Looking at https://musescore.org/en/node/278916 the code itself seems to have fixed something, but I cannot see, from looking at the code, what/how… as far as I can see, getPropertyStyle would just return the same as spp.sid is, always? (Because both access _elementStyle.)
In the same file, I see this:
QVariant ScoreElement::propertyDefault(Pid pid) const { Sid sid = getPropertyStyle(pid); if (sid != Sid::NOSTYLE) return styleValue(pid, sid); // qDebug("<%s>(%d) not found in <%s>", propertyQmlName(pid), int(pid), name()); return QVariant(); }
This makes me think that changing the line to…
setProperty(spp.pid, propertyDefault(spp.pid));
… might fix the bug… if passing just a new QVariant to setProperty is the correct thing to do here.
The question is, why does it return Sid::NOSTYLE in the first place?
More detail:
(gdb) frame 4 #4 0x000055555603ec54 in Ms::ScoreElement::initElementStyle (this=this@entry=0x55555768d3d0, ss=ss@entry=0x555556821c20 <Ms::textLineSegmentStyle>) at ./libmscore/scoreElement.cpp:211 211 setProperty(spp.pid, styleValue(spp.pid, getPropertyStyle(spp.pid))); (gdb) print spp $68 = (const Ms::StyledProperty &) @0x5555568a7aa0: {sid = Ms::Sid::textLinePosAbove, pid = Ms::Pid::OFFSET} (gdb) print ss $69 = (const Ms::ElementStyle *) 0x555556821c20 <Ms::textLineSegmentStyle> (gdb) print *ss $70 = std::vector of length 2, capacity 2 = {{sid = Ms::Sid::textLinePosAbove, pid = Ms::Pid::OFFSET}, { sid = Ms::Sid::textLineMinDistance, pid = Ms::Pid::MIN_DISTANCE}} (gdb) print spp.pid $71 = Ms::Pid::OFFSET (gdb) print getPropertyStyle(spp.pid) $72 = Ms::Sid::NOSTYLE (gdb) print _elementStyle $73 = (const Ms::ElementStyle *) 0x555556821c20 <Ms::textLineSegmentStyle> (gdb) print *_elementStyle $74 = std::vector of length 2, capacity 2 = {{sid = Ms::Sid::textLinePosAbove, pid = Ms::Pid::OFFSET}, { sid = Ms::Sid::textLineMinDistance, pid = Ms::Pid::MIN_DISTANCE}}
Scratch the above. WHY does getPropertyStyle not return Ms::Sid::textLinePosAbove but Ms::Sid::NOSTYLE? Oh wait, it’s not a ScoreElement, it’s an Ms::TextLineSegment… HAH! and that has:
Sid TextLineSegment::getPropertyStyle(Pid pid) const { if (pid == Pid::OFFSET) { if (spanner()->anchor() == Spanner::Anchor::NOTE) return Sid::NOSTYLE; else return spanner()->placeAbove() ? Sid::textLinePosAbove : Sid::textLinePosBelow; } return TextLineBaseSegment::getPropertyStyle(pid); }
A breakpoint later:
(gdb) print _spanner->_anchor $81 = Ms::Spanner::Anchor::NOTE
Well, that’s that. So this… somewhat… applies to note-anchored textlines?
Comments
Okaaay… propertyDefault is also lots of overridden, so it’s not the solution either…

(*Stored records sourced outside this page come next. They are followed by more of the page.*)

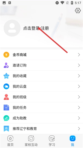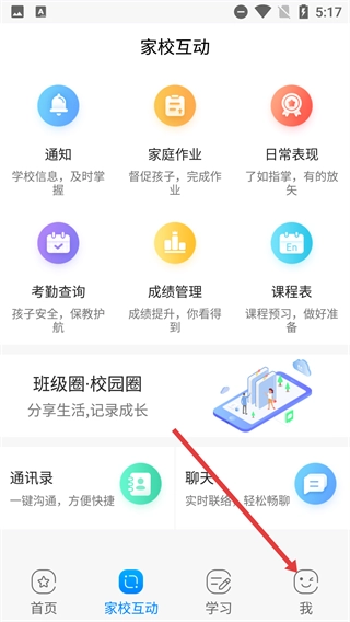 1、在【家校互动】页面点击底部的【我】,进入个人页面后,就能看到金币商城、我的收藏等功能选项。
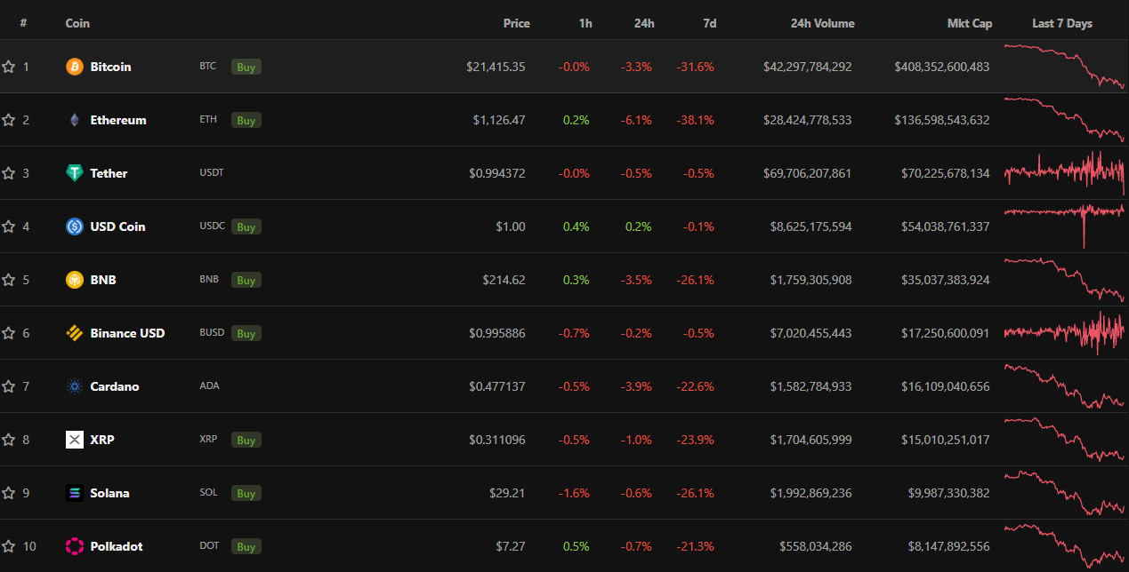 Theo dữ liệu BeInCrypto ghi nhận từ CNBC, tại thời điểm viết bài, chỉ số S&P 500 tăng hơn 34 điểm (0.9%); NASDAQ tăng 175 điểm (1.62%). Đáng buồn là thị trường Crypto nói riêng vẫn đang chìm trong sắc đỏ. Ghi nhận của BeInCrypto tại thời điểm trước khi tỷ lệ lãi suất điều chỉnh được công bố, giá Bitcoin (BTC) ở mức 21,415 USD giảm 3.3% trong 24 giờ qua; Ethereum (ETH) mất 6.1% trong 24 giờ qua, về mốc 1,126 USD.
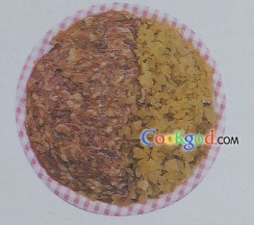 榨菜洗净切粒与肉馅拌匀。
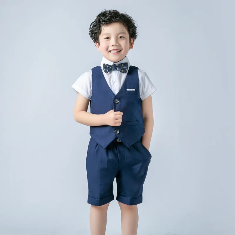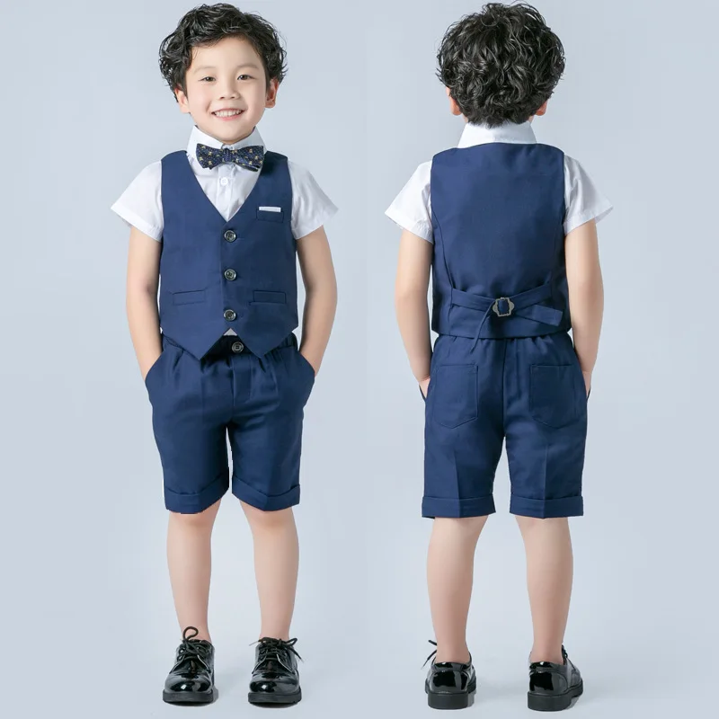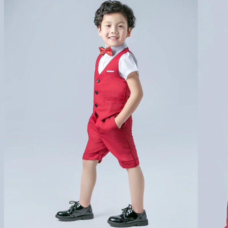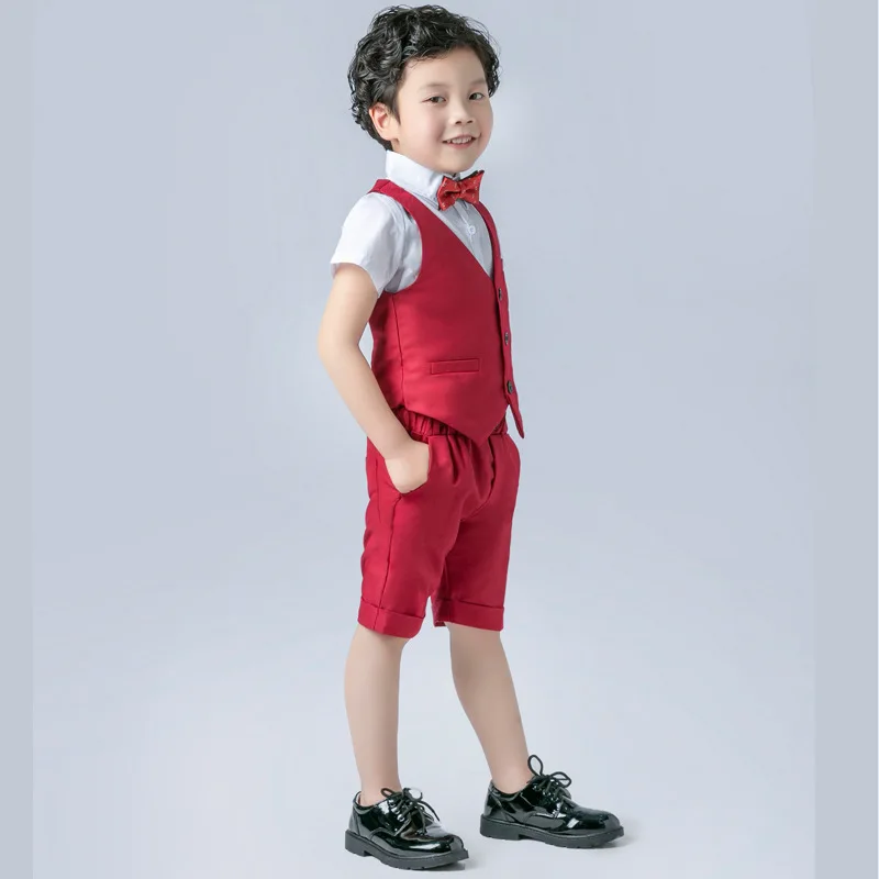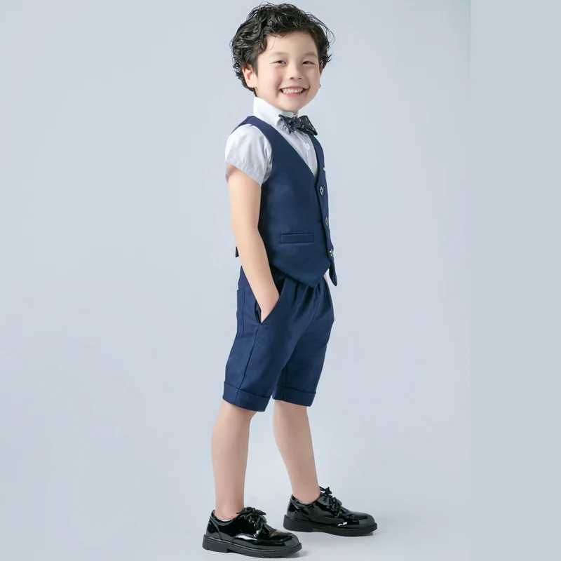 Summer Children’s Vest Dress Suit Set Boy Performance Party Wedding Costume Kids Waistcoats Shorts Bowtie Clothing Set 2-16t

Maybe this could be a fix? I’ll test it…
Bah, I always forget that neither the pre nor the code tag work here. So you’ll have to have bogus colouring…
Yasss… this fixes my reproducible crash!
@Jojo-Schmitz might want this for 3.7
So it is 3.2.3, right? There's no 3.x-dev (any longer / any more)
And you're referring to #278916: Numbers only option has no effect on ottava display
And yes, I'd want it for my https://github.com/musescore/MuseScore/pull/9000
(Edit: is is added to that meanwhile)
code tags do work: <cpp>...</cpp>
I wonder whether this is needed for master (which will become MuseScore 4 shortly) too?
Do you have some clear steps to reproduce the issue? Along with a sample score (you mentione a score of your's in the initla post)?
Probably even earlier.
@Jojo-Schmitz you know, the best thing about reproducers is when they don’t reproduce on another system which is supposedly mostly identical, version-wise.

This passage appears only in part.